(Material provided):
—————
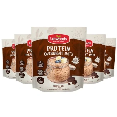 Linwoods Chocolate Protein Overnight Oats 5 x 300g Porridge Healthy Breakfast Food Vegan Friendly & Gluten Free
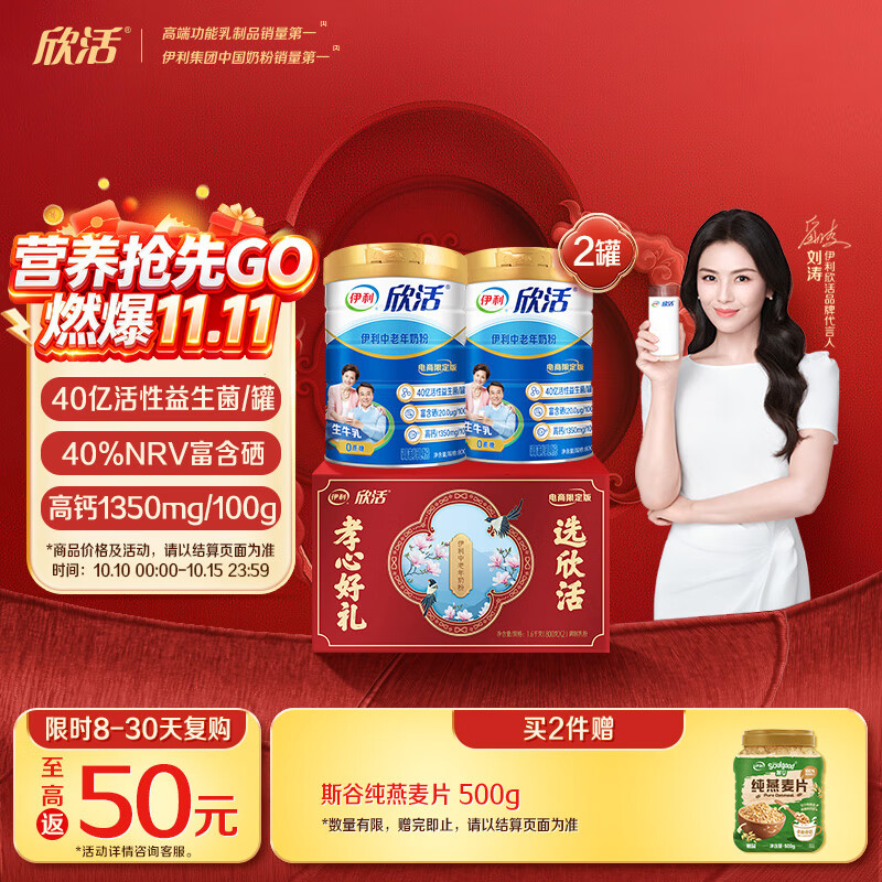 伊利欣活刘涛同款 中老年奶粉礼盒 老年人营养品送礼 富硒高钙 800g*2
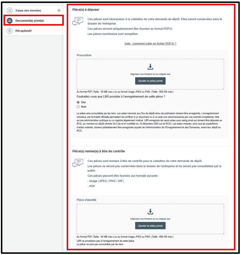 L'utilisateur est également invité à répondre à la question relative à l’enregistrement du document par LBR. Le gestionnaire du RCS est habilité à enregistrer les documents transmis à des fins de validation. L’utilisateur a dès lors le choix d’indiquer lors de sa demande s’il souhaite ou non que LBR procède à l’enregistrement de la pièce en question. Pour ce faire, l’utilisateur est invité à cocher l’une des options disponibles. Si l'utilisateur coche Non, il devra faire enregistrer son document directement auprès de l'AED.
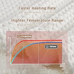 - STARBEDIA Waffle Heated Throw Blanket, Machine Washable Electric Blankets Fast Heating with LCD Controller, 6 Heat Levels & 1-4H Time Settings, ETL Certified Heat Throw for Couch, White, 50" x 60"
—————
Give back the lines word for word, from the very first in the material above to the one that has "伊利欣活刘涛同款 中老年奶粉礼盒 老年人营养品送礼 富硒高钙 800g*2", both included, without the pictures.

(Response box):
 Linwoods Chocolate Protein Overnight Oats 5 x 300g Porridge Healthy Breakfast Food Vegan Friendly & Gluten Free
 伊利欣活刘涛同款 中老年奶粉礼盒 老年人营养品送礼 富硒高钙 800g*2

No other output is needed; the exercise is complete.